Time series forecasting is a technique for predicting future events by analyzing past trends, based on the assumption that future trends will hold similar to historical trends. Forecasting involves using models fit on historical data to predict future values.Does Facebook use Cassandra? ›
In-box Search was launched in June of 2008 for around 100 million users and today we are at over 250 million users and Cassandra has kept up the promise so far. Cassandra is now deployed as the backend storage system for multiple services within Facebook.What language is Cassandra written in? ›
Cassandra is a distributed database management system which is open source with wide column store, NoSQL database to handle large amount of data across many commodity servers which provides high availability with no single point of failure. It is written in Java and developed by Apache Software Foundation.Does Netflix uses Kafka? ›
Netflix uses Apache Kafka throughout the organization. Consequently, a bridge converts MQTT messages to Kafka records.
Times Series With SQL
Working with a time series dataset can be conducive to your SQL learning for many reasons. Time series data, by nature, store records that are not independent of each other. Analyzing such data will require conducting more complex calculations between columns and between rows.
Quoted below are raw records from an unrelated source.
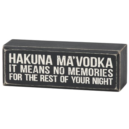 A classic black and white wooden box sign from our Box Sign Style Collection displaying a funny alcohol inspired sentiment that reads "Hakuna Ma'vodka - It Means No Memories For The Rest Of Your Night." This funny alcohol box sign features distressed details with a coordinating black color on sides and back. Our Hakuna Ma'vodka sign is easy to hang or can free-stand on a flat surface for display. A fun alcohol themed home accent that can be easily displayed to add personality to any home or work space.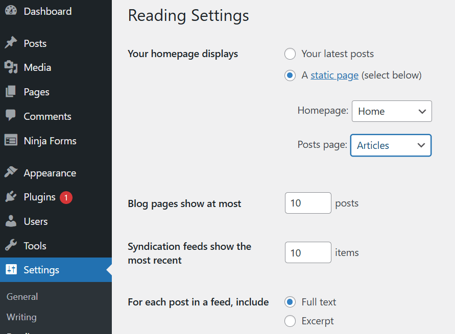 - Go to Settings > Reading.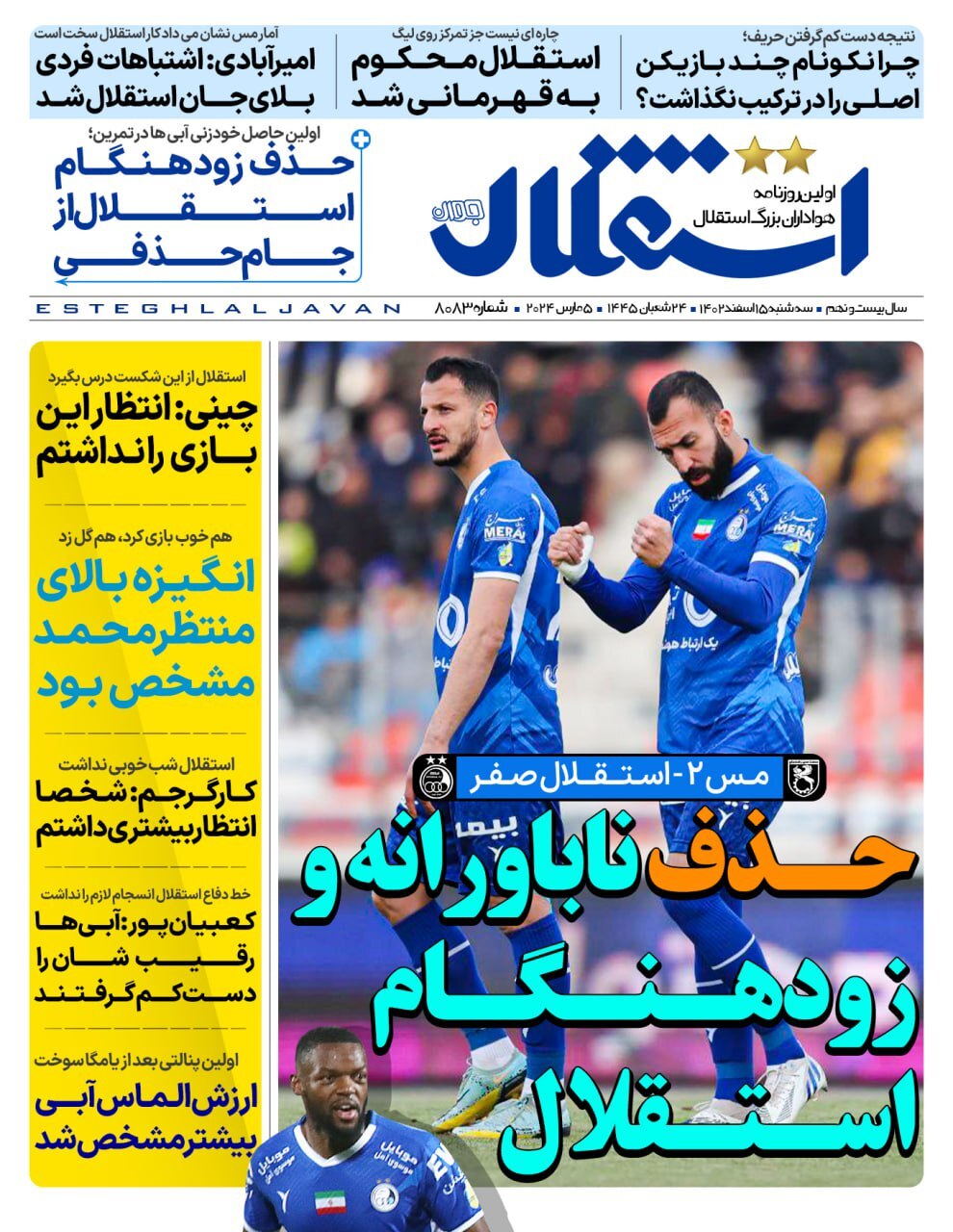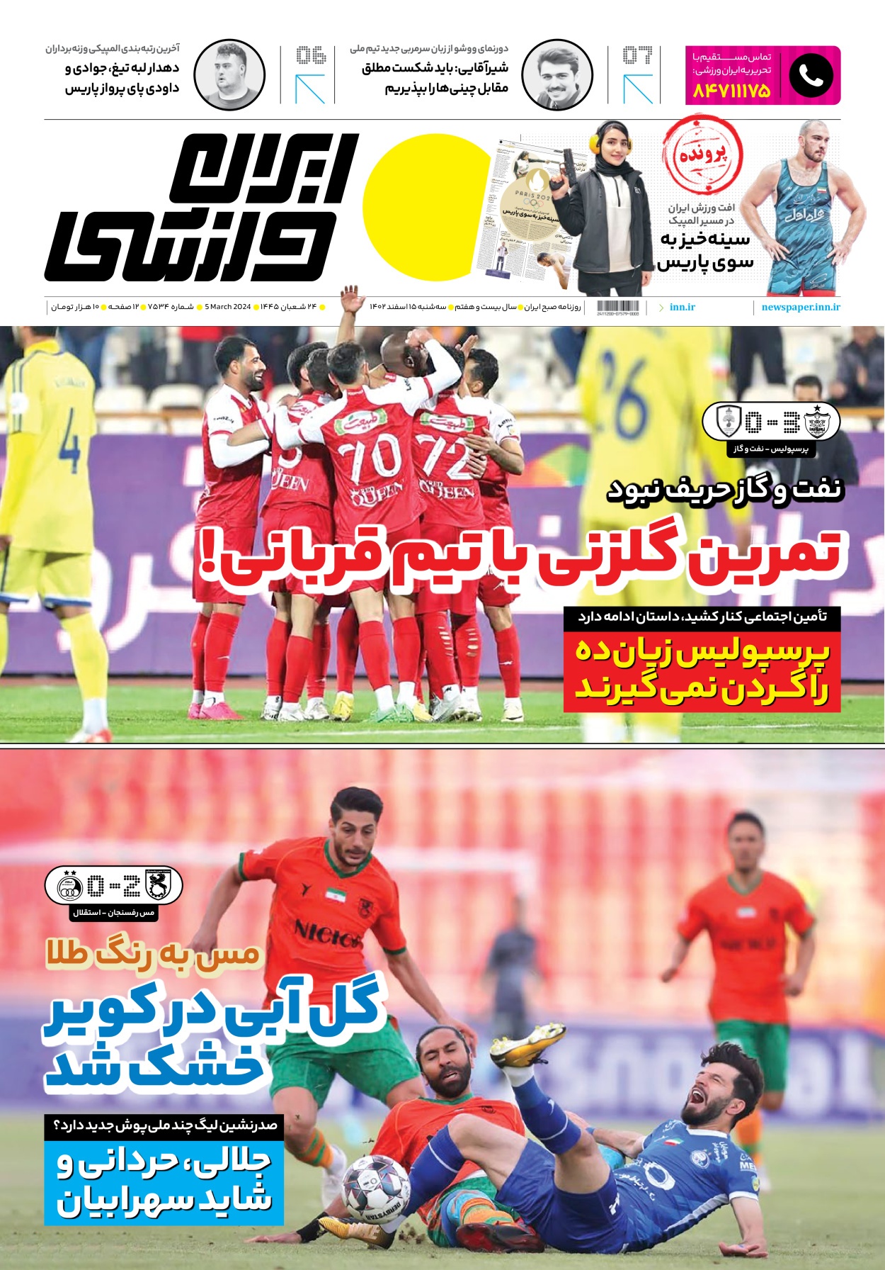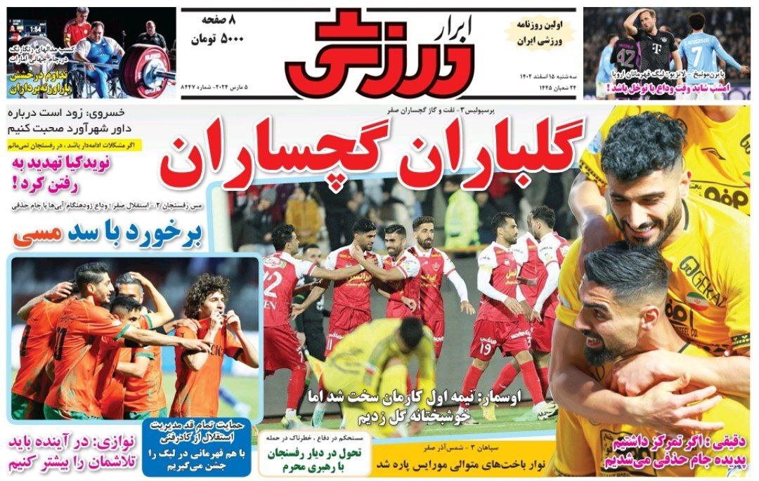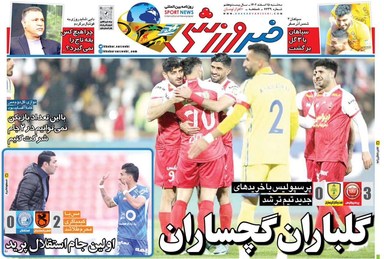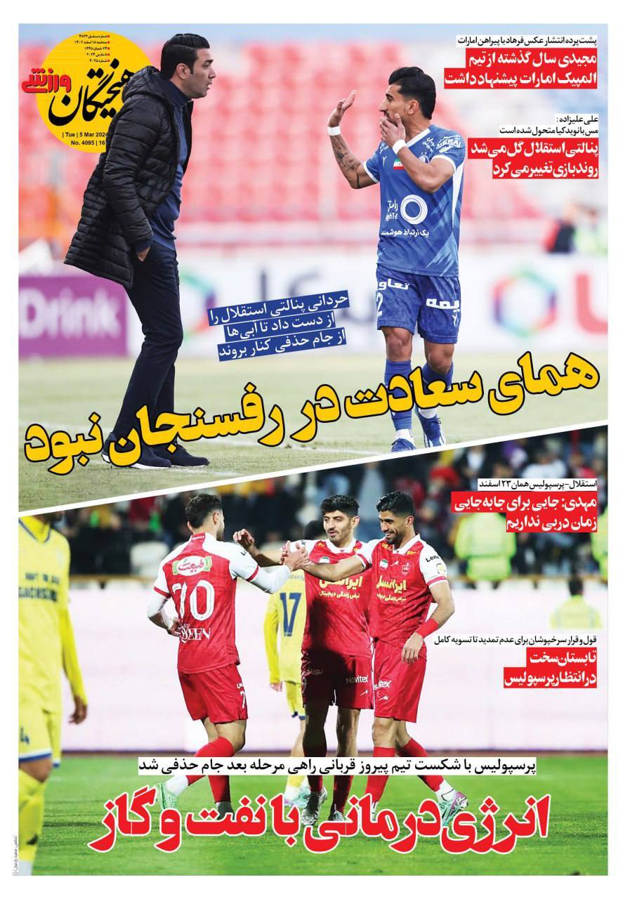روزنامههای ورزشی سه شنبه ۱۵ اسفند ۱۴۰۲

Time Series Data in MongoDB
MongoDB is a document-based general purpose database with flexible schema design and a rich query language. As of MongoDB 5.0, MongoDB natively supports time series data. You can create a new time series collection with the createCollection() command.
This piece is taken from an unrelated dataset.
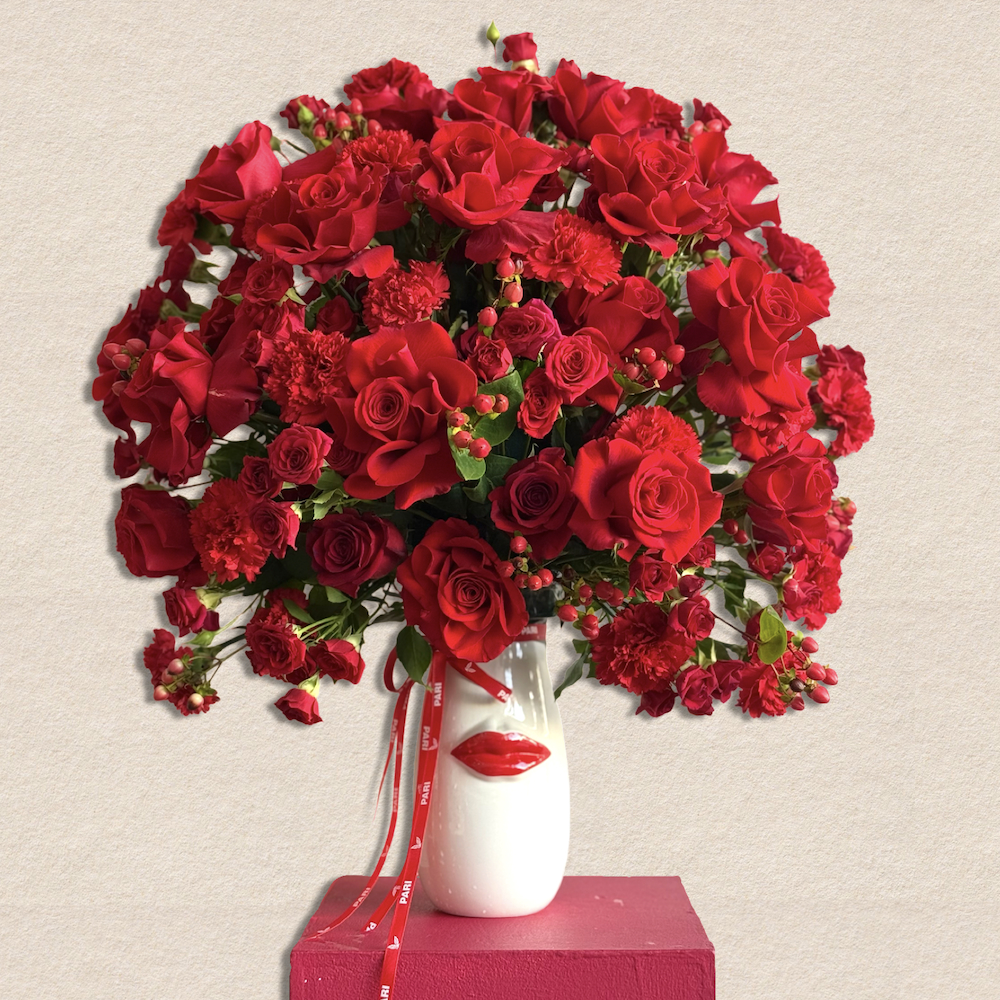 100 قطعة من كيت كات بحشوة الشوكولاتة مرتبة على صينية أكريليك مع ورد صناعي.

MySQL and a number of it's variants can be used as a time-series database. Using the MySQL example employees database we are going to provide a list of time-series analysis that we want performed, giving you a chance to try writing the SQL yourself.What is the best time series model? ›
AutoRegressive Integrated Moving Average (ARIMA) models are among the most widely used time series forecasting techniques: In an Autoregressive model, the forecasts correspond to a linear combination of past values of the variable.What is time series good for? ›
Time series analysis helps organizations understand the underlying causes of trends or systemic patterns over time. Using data visualizations, business users can see seasonal trends and dig deeper into why these trends occur. With modern analytics platforms, these visualizations can go far beyond line graphs.Why Realtime Database is important? ›
Real-time customer analytics are essential for improving experiences across marketing touchpoints. They can also ensure marketers serve the right information to the right customer at the right time.Which database has the best performance? ›
- The Oracle. Oracle is the most widely used commercial relational database management system, built-in assembly languages such as C, C++, and Java. ...
- MySQL. ...
- MS SQL Server. ...
- PostgreSQL. ...
- MongoDB. ...
- IBM DB2. ...
- Redis. ...
A real-time database is a database system which uses real-time processing to handle workloads whose state is constantly changing. This differs from traditional databases containing persistent data, mostly unaffected by time. For example, a stock market changes very rapidly and is dynamic.What are the 3 components of time series? ›
An observed time series can be decomposed into three components: the trend (long term direction), the seasonal (systematic, calendar related movements) and the irregular (unsystematic, short term fluctuations).Is Snowflake a time-series database? ›
From a data management perspective, Snowflake can serve as the central time-series data repository or data can be loaded in inexpensive cloud storage from Amazon S3, Azure Data Lake Storage or Google Cloud storage.
Time series databases ingest data and queries faster, and compress data more strongly. As a result, they are ideal for processing massive volumes of real-time data that can be used to improve the safety of self-driving vehicles.